# Aim of the task
Work through the listing below and give again exactly the lines from the one with "Auf dem Weg" to the one with "6/13/25, 9:35 AM", both ends included. All other lines and all pictures stay out.

# Data for the task
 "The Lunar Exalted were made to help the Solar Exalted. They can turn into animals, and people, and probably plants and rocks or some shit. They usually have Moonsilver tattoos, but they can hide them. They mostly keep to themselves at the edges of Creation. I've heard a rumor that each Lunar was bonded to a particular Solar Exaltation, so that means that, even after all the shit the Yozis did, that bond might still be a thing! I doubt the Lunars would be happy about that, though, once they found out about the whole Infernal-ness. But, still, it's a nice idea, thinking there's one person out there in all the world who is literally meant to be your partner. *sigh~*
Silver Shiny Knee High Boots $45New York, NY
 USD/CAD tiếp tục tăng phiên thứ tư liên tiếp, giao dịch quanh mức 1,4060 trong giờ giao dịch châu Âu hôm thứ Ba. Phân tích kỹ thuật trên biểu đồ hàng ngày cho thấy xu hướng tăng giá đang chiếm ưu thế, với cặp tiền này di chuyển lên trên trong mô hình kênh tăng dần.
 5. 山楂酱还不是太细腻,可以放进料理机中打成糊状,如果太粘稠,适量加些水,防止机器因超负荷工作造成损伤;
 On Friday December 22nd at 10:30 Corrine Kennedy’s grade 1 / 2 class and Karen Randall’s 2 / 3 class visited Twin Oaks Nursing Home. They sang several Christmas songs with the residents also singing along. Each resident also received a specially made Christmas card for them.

--

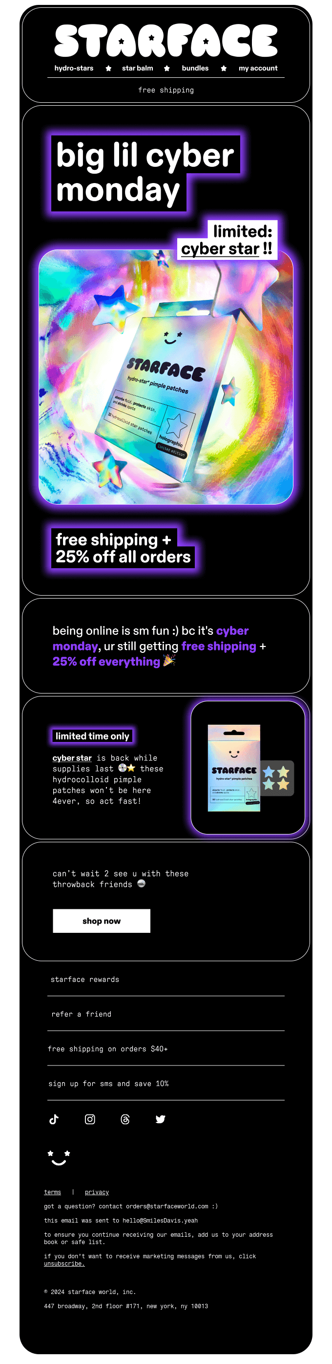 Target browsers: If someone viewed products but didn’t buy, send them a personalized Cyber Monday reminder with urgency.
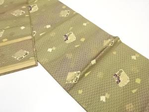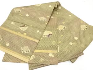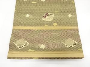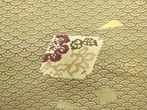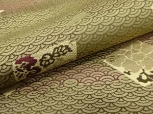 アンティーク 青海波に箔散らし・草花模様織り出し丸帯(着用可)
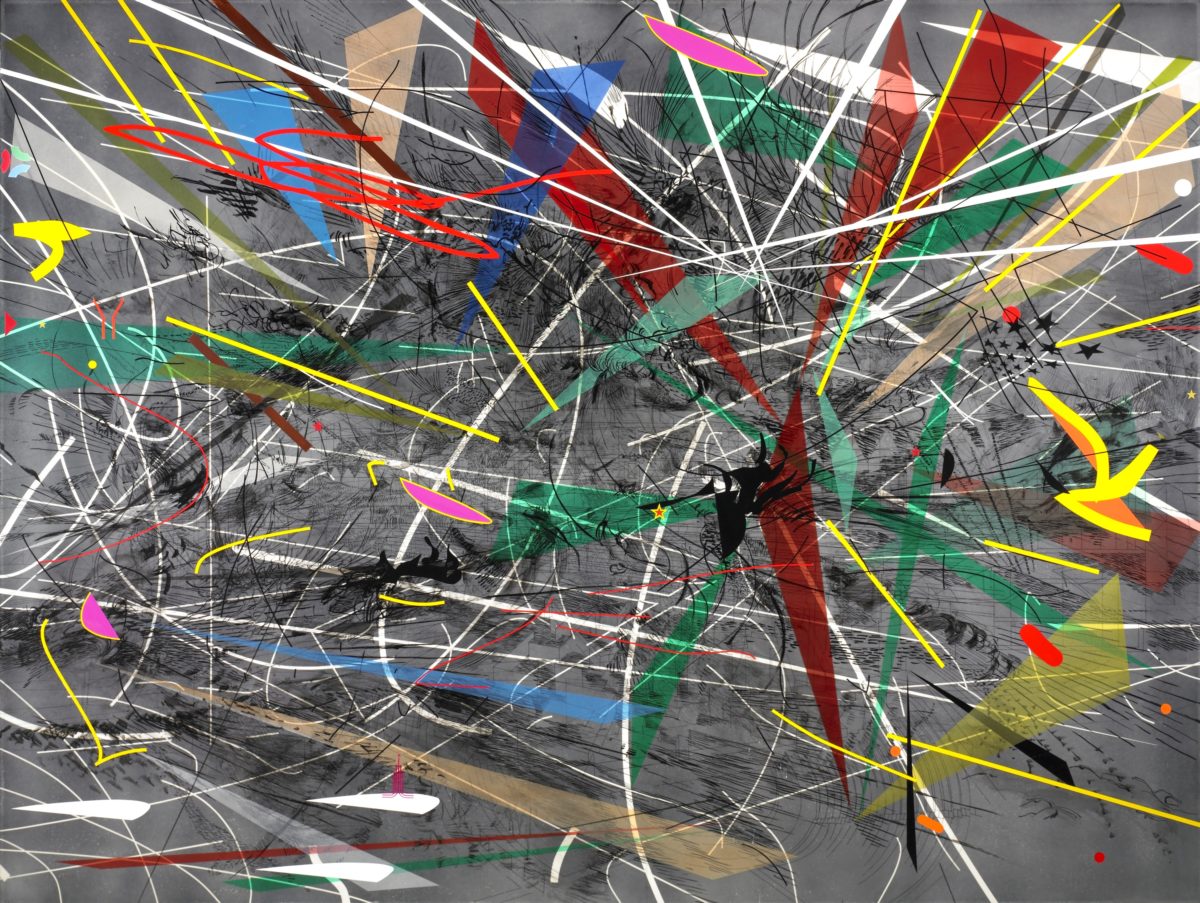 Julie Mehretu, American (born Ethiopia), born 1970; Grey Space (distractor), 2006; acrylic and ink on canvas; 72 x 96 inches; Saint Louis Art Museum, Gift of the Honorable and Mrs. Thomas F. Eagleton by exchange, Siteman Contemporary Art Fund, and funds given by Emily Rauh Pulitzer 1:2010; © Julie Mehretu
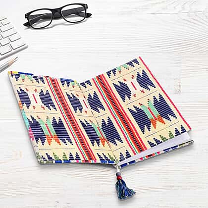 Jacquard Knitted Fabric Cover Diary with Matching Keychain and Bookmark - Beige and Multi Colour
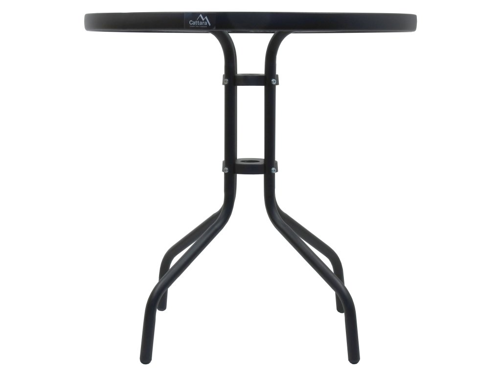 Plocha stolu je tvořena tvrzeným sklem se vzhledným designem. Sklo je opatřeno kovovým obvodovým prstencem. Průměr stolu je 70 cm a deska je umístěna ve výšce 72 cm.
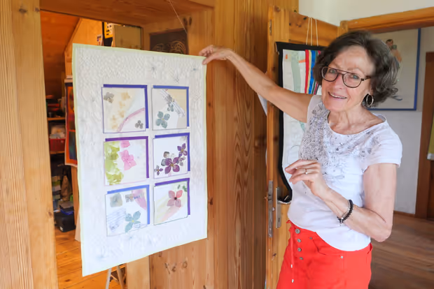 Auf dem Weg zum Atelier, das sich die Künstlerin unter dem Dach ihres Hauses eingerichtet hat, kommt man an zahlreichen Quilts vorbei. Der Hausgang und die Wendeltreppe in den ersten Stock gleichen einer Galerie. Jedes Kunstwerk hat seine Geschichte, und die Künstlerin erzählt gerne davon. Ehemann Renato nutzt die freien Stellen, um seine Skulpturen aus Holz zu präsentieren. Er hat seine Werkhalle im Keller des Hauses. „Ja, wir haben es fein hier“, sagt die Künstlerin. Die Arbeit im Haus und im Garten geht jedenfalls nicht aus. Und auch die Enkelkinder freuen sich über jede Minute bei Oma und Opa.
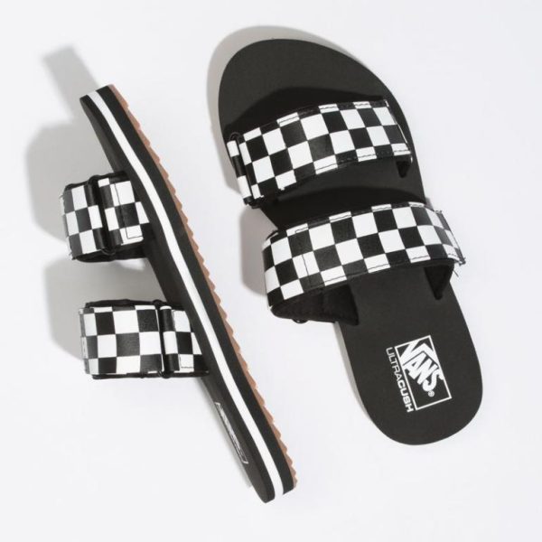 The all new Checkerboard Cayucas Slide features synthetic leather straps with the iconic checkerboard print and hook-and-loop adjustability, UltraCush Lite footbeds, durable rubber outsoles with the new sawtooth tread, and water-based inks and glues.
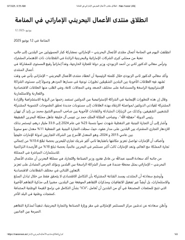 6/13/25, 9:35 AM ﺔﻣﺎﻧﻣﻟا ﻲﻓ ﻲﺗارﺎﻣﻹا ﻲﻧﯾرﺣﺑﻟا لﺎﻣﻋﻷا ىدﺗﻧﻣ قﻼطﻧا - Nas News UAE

# Answer to this problem
 Auf dem Weg zum Atelier, das sich die Künstlerin unter dem Dach ihres Hauses eingerichtet hat, kommt man an zahlreichen Quilts vorbei. Der Hausgang und die Wendeltreppe in den ersten Stock gleichen einer Galerie. Jedes Kunstwerk hat seine Geschichte, und die Künstlerin erzählt gerne davon. Ehemann Renato nutzt die freien Stellen, um seine Skulpturen aus Holz zu präsentieren. Er hat seine Werkhalle im Keller des Hauses. „Ja, wir haben es fein hier“, sagt die Künstlerin. Die Arbeit im Haus und im Garten geht jedenfalls nicht aus. Und auch die Enkelkinder freuen sich über jede Minute bei Oma und Opa.
 The all new Checkerboard Cayucas Slide features synthetic leather straps with the iconic checkerboard print and hook-and-loop adjustability, UltraCush Lite footbeds, durable rubber outsoles with the new sawtooth tread, and water-based inks and glues.
 6/13/25, 9:35 AM ﺔﻣﺎﻧﻣﻟا ﻲﻓ ﻲﺗارﺎﻣﻹا ﻲﻧﯾرﺣﺑﻟا لﺎﻣﻋﻷا ىدﺗﻧﻣ قﻼطﻧا - Nas News UAE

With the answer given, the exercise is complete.